Minerva Cardioangiologica 2003 Febbraio;51(1):41-8

lingua: Inglese

Peripartum cardiomyopathy

Ardehali H., Kasper E. K., Baughman K. L.


PDF  ESTRATTI


La cardiomiopatia peripartum è una patologia rara e potenzialmente letale ad eziologia sconosciuta. La sua diagnosi deve essere limitata a donne precedentemente sane che presentano scompenso cardiaco congestizio (CHF) e diminuita funzionalità sistolica ventricolare nell'ultimo mese di gravidanza o nei primi 5 mesi dopo il parto. La diagnosi non viene posta in presenza di altre cause di disfunzione cardiaca.
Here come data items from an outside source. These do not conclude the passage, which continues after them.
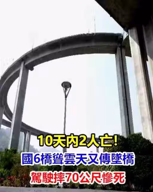 10天內2人亡!國6橋聳雲天又傳墜橋,駕駛摔70米慘死
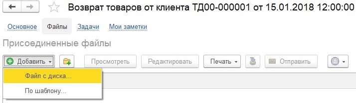 При необходимости прикрепите один или несколько файлов к документу, выберите вкладку «Файлы» и нажмите кнопку «Добавить» на панели инструментов:
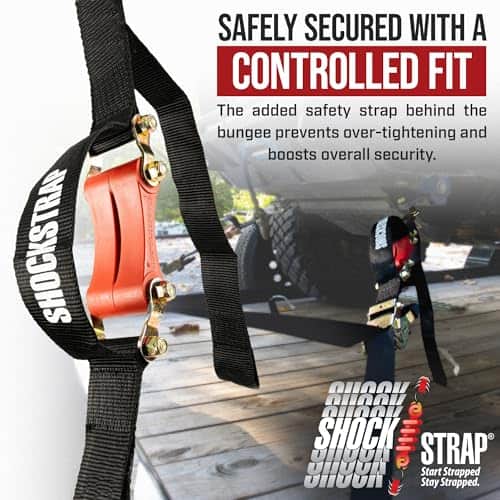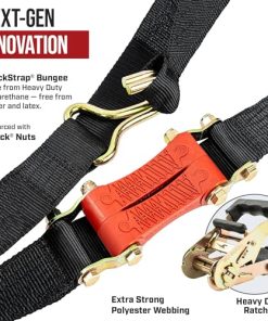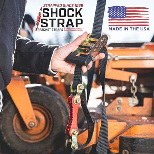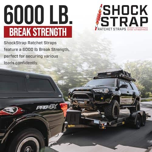 La resistencia a la rotura es de más de 6,000 lb. Construido con un trinquete de grado pesado, cinta de poliéster negro de grado pesado de 2 pulgadas, ganchos de cierre tratados con cromato de zinc y nuestros exclusivos ShockStraps flexibles. Incorporamos una correa de seguridad en un lado del ShockStrap por 2 razones: 1. si ocurriera un accidente catastrófico y el ShockStrap se rompiera, la correa de seguridad mantendrá la correa de amarre firme en su lugar. 2. la correa de seguridad también actúa como un limitador, para que no aprietes demasiado y estreses todo lo que estás tratando de asegurar. Nuestra cinta de poliéster negro de grado pesado de 2 pulgadas y la correa de seguridad del trinquete tienen un límite de carga de trabajo de 2,000 lb. El trinquete tiene una liberación externa para facilitar el uso incluso con guantes puestos. Está atornillado para que puedas reemplazarlo en el futuro y mantener tu inversión funcionando. Hicimos nuestro gancho de alambre con un acabado de cromato de zinc amarillo, que ofrece una mejor resistencia a la intemperie y durabilidad en comparación con el cromado estándar y está soldado cerca de la punta para evitar que el gancho se divida. Nuestro ShockStrap está hecho de una fórmula patentada y no se ve afectado por la mayoría de productos químicos, la luz solar, el aceite, el agua salada, los hongos o la humedad. La fuerza de nuestro producto radica en hacer que todo funcione junto para que el ShockStrap mantenga la presión constante sobre la correa al golpear baches o al aplicar presión lateral sobre ella. ¡No tendrás que detenerte cada 50 millas o en una estación de servicio para volver a apretar las correas de los ShockStrap!
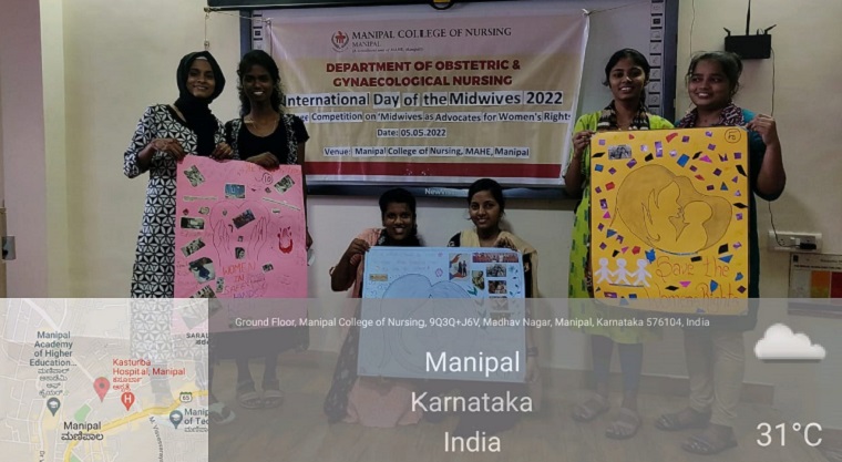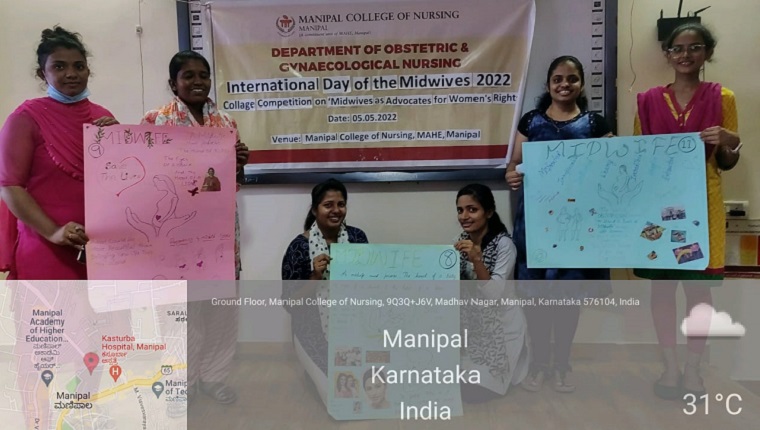 Department of Obstetric and Gynaecological Nursing, Manipal College of Nursing, MAHE, Manipal celebrated the ‘International Day of the Midwives 2022’ on 5th May 2022. The theme for this year provided by the International Confederation of Midwives (ICM) was “100 years of Progress.” As part of this day, various activities and programs were scheduled for three days from 4 to 6 May 2022, which included Reflective writing competition, Collage competition and a Webinar.
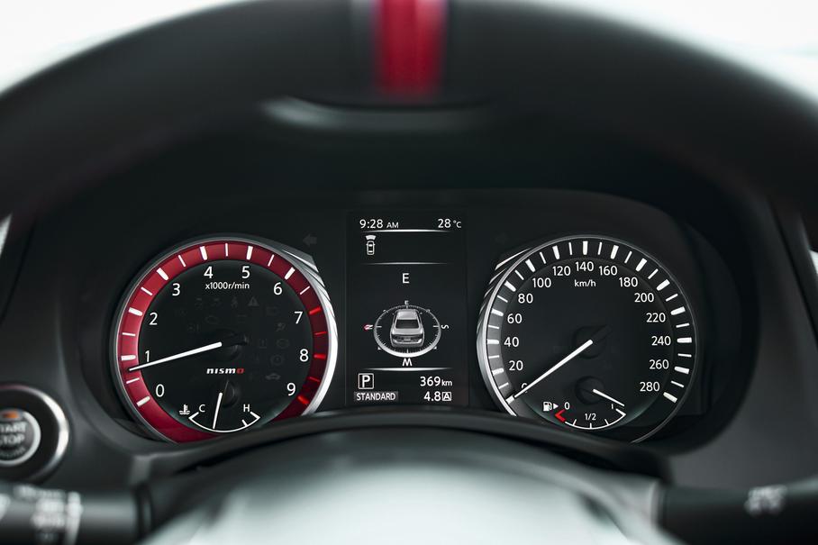Салон автомобиля отличается высоким качеством отделки, что и у популярной модели 400R. Спорткар оснащен обтянутым кожей рулем с красным логотипом Nismo, размеченным до 280 километров в час спидометром, а также красным тахометром, подчеркивающим дизайн автомобиля. За дополнительную плату предлагаются черные спортивные сиденья Recaro с замшевой обивкой, которые расположены таким образом, чтобы надежно удерживать водителя в кресле при прохождении крутых поворотов. Nissan предлагает новинку в пяти цветах кузова, в том числе эксклюзивном сером оттенке Nismo Stealth.
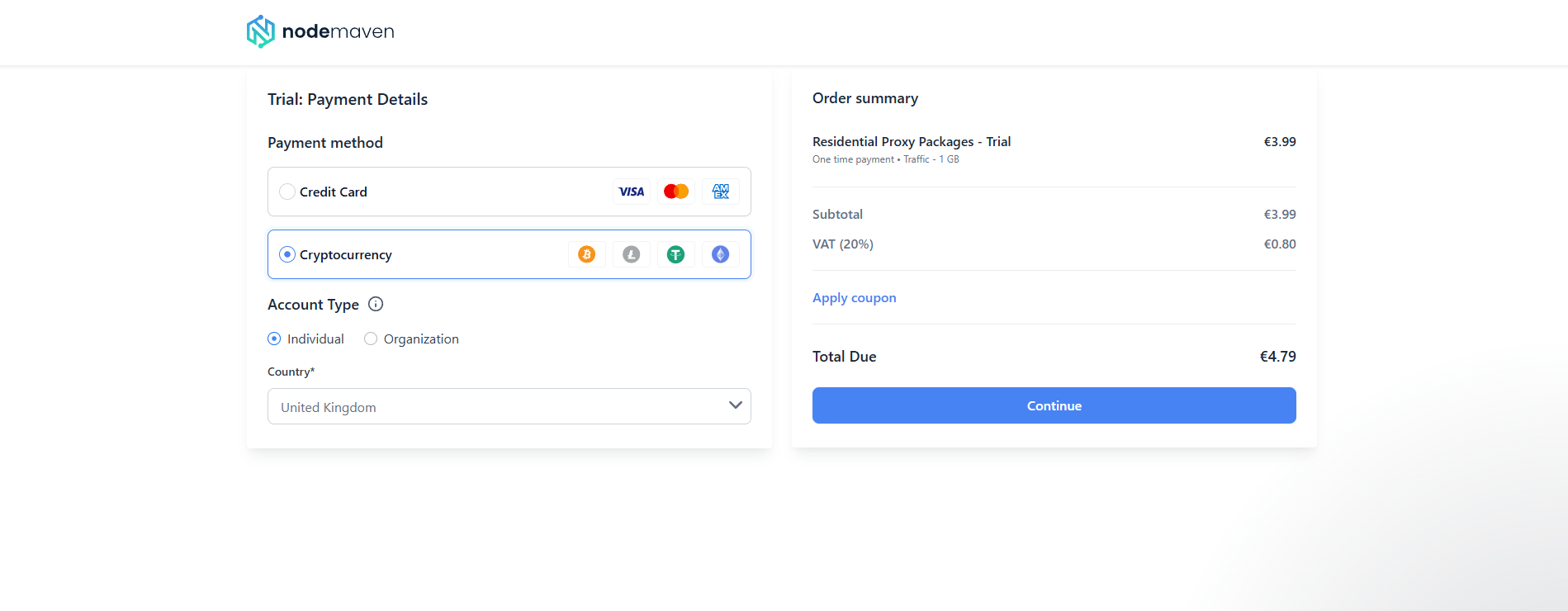 NodeMaven поддерживает несколько способов оплаты и моделей расчёта, что делает сотрудничество удобным для разных категорий пользователей. Можно выбрать стандартную подписку с фиксированным месячным тарифом или оплату по модели Pay-as-you-go – когда вы оплачиваете только фактически использованный трафик. Это особенно удобно для тех, кто работает с непостоянным объемом нагрузки или тестирует различные проекты.
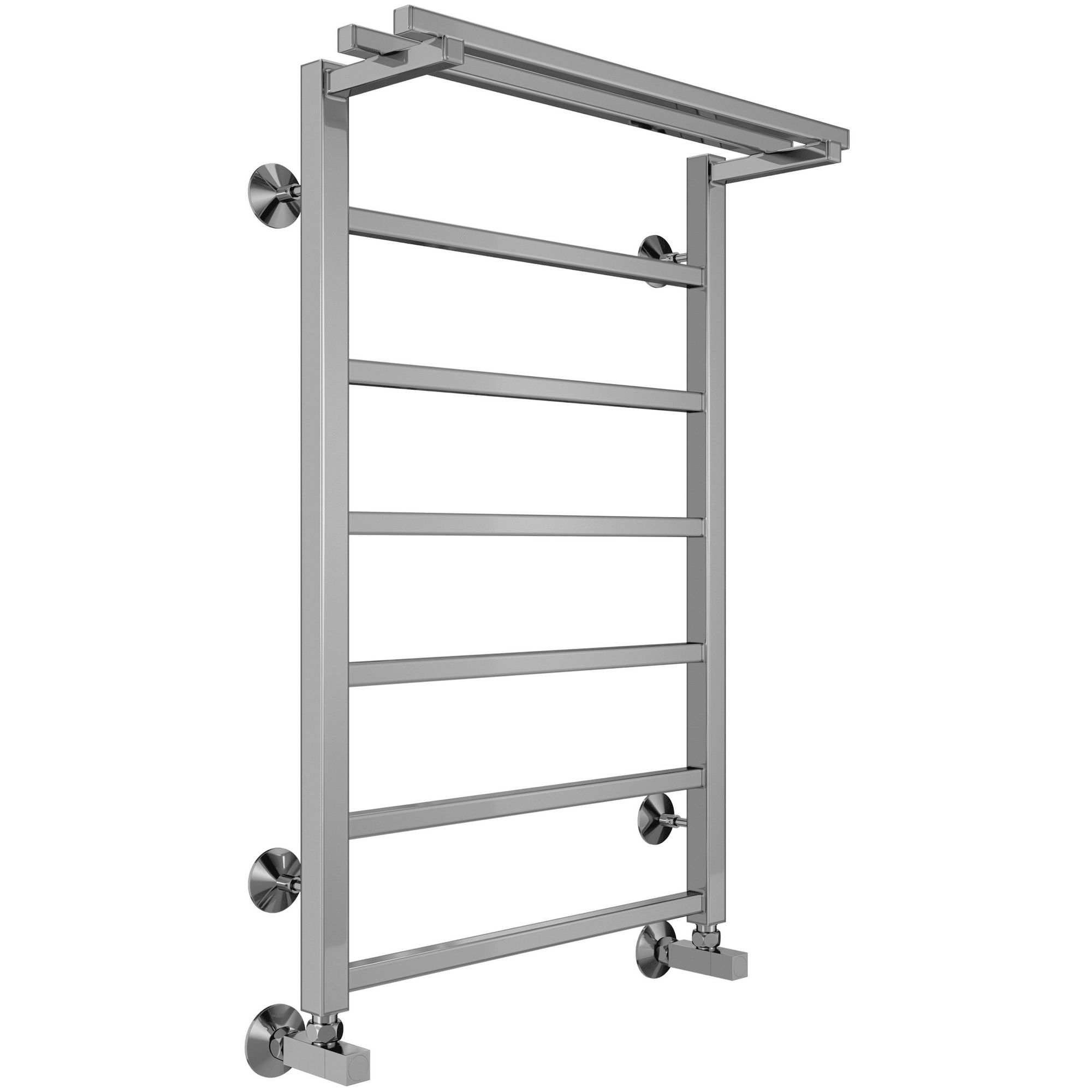 Модель Контур с полкой относится к линейке в стиле хай-тек, тяготеющей к лаконичным формам и хромированным поверхностям, и отличается наличием дополнительной прогреваемой полки для хранения и сушки полотенец. Модель изготавливается в 6-ти размерах от 800 до 1000 мм высотой и от 300 до 500 мм шириной. Комплектация: заглушка под декоративным колпачком - 1 шт, кран Маевского - 1 шт, телескопическое крепление - 4 шт, уголок со сгоном 3/4"х1/2" г/ш - 2 шт, эксцентрик -2 шт, отражатель - 2 шт.

Le pazienti che non mostrano alcun miglioramento entro 2 settimane dalla comparsa dei sintomi devono essere sottoposte ad indagini per miocardite. La modalità e la durata del trattamento dello scompenso cardiaco vengono stabilite in base alla funzionalità cardiaca della paziente a riposo e durante esercizio. Le pazienti con una funzionalità del ventricolo sinistro entro i limiti della norma, sia a riposo che durante esercizio fisico o somministrazione di dobutamina, presentano una prognosi favorevole e la loro terapia medica può essere diminuita o sospesa per un periodo di 6-12 mesi. Le pazienti con una funzionalità ventricolare normale a riposo, ma con una risposta anomala all'esercizio, devono essere trattate per lunghi periodi di tempo con ACE-inibitori o con b-bloccanti. Le pazienti che continuano ad esibire una ridotta funzionalità del ventricolo sinistro hanno una prognosi sfavorevole e necessitano di un trattamento con farmaci adeguati per il resto della loro vita. Il trattamento farmacologico include gli ACE-inibitori, i beta-bloccanti, i diuretici, la digossina e la terapia anticoagulante. Gli ACE-inibitori vengono utilizzati solamente dopo il parto a causa dei loro effetti teratogeni. Le pazienti che non recuperano possono richiedere una terapia inotropa, una pompa con palloncino intra-aortico ed un dispositivo di assistenza del ventricolo sinistro, a seconda della necessità. Il trapianto cardiaco deve essere preso in considerazione per le pazienti che non rispondono alla terapia.